## Activity
Your answer must be an exact copy of the listing, with the images left out.

## Given material
^^^^^^^^

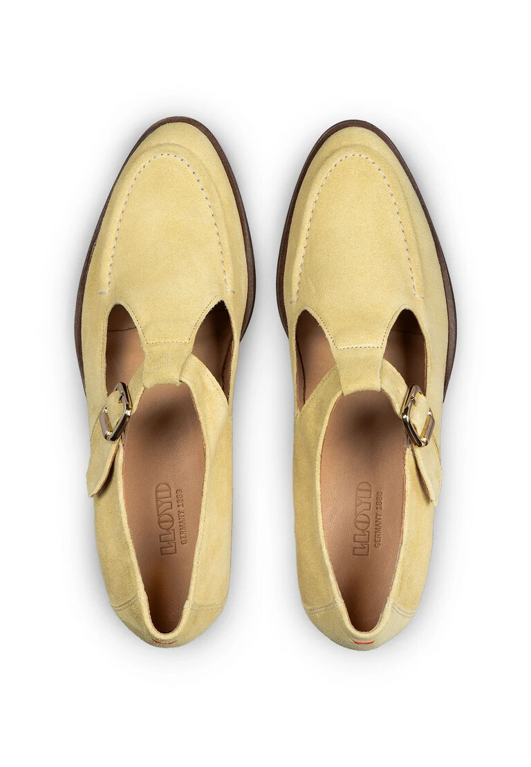 La LLOYD SLIPPER unisce un design elegante a una lavorazione di alta qualità ed è la scelta perfetta per le occasioni festive. La tomaia in pregiata pelle scamosciata in un vivace giallo conferisce alla scarpa un tocco contemporaneo, mentre la punta arrotondata e l’elegante fibbia ne sottolineano il look raffinato. La fodera è realizzata al 100% in pelle e garantisce una calzata confortevole. Con la suola in gomma e la struttura robusta, la SLIPPER è allo stesso tempo elegante e funzionale. Come classica scarpa monk, questo modello è pensato per la donna attenta alla moda che apprezza la qualità e il design senza tempo. Goditi la combinazione di lusso e versatilità che la LLOYD SLIPPER ti offre.
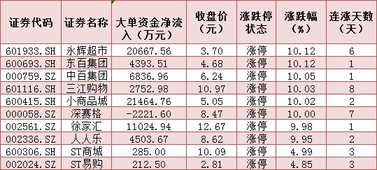 12月6日,在市場強勢震蕩中,熱點也在快速輪動。周一漲幅居前的建筑裝飾行業(yè),出現(xiàn)回落跌幅居首,醫(yī)藥股、金融股、地產股也有所休整。今日,商貿零售、食品飲料等消費類行業(yè)漲幅居前,分別為2.4%和2.33%,其中,商貿零售行業(yè)中,有10只概念股集體漲停,備受資金追捧。
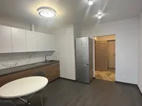 Total 30m2, Cocina es un estudio con reparaciones europeas y electrodomésticos. El apartamento está equipado con todo lo necesario, panel de cocina, nevera, lavadora, TV, aire acondicionado, muebles en la cocina. La casa tiene un área protegida, alarma de incendios, videovigilancia, tecnología inteligente hogareña.

^^^^^^^^

## Solution to this exercise
 La LLOYD SLIPPER unisce un design elegante a una lavorazione di alta qualità ed è la scelta perfetta per le occasioni festive. La tomaia in pregiata pelle scamosciata in un vivace giallo conferisce alla scarpa un tocco contemporaneo, mentre la punta arrotondata e l’elegante fibbia ne sottolineano il look raffinato. La fodera è realizzata al 100% in pelle e garantisce una calzata confortevole. Con la suola in gomma e la struttura robusta, la SLIPPER è allo stesso tempo elegante e funzionale. Come classica scarpa monk, questo modello è pensato per la donna attenta alla moda che apprezza la qualità e il design senza tempo. Goditi la combinazione di lusso e versatilità che la LLOYD SLIPPER ti offre.
 12月6日,在市場強勢震蕩中,熱點也在快速輪動。周一漲幅居前的建筑裝飾行業(yè),出現(xiàn)回落跌幅居首,醫(yī)藥股、金融股、地產股也有所休整。今日,商貿零售、食品飲料等消費類行業(yè)漲幅居前,分別為2.4%和2.33%,其中,商貿零售行業(yè)中,有10只概念股集體漲停,備受資金追捧。
 Total 30m2, Cocina es un estudio con reparaciones europeas y electrodomésticos. El apartamento está equipado con todo lo necesario, panel de cocina, nevera, lavadora, TV, aire acondicionado, muebles en la cocina. La casa tiene un área protegida, alarma de incendios, videovigilancia, tecnología inteligente hogareña.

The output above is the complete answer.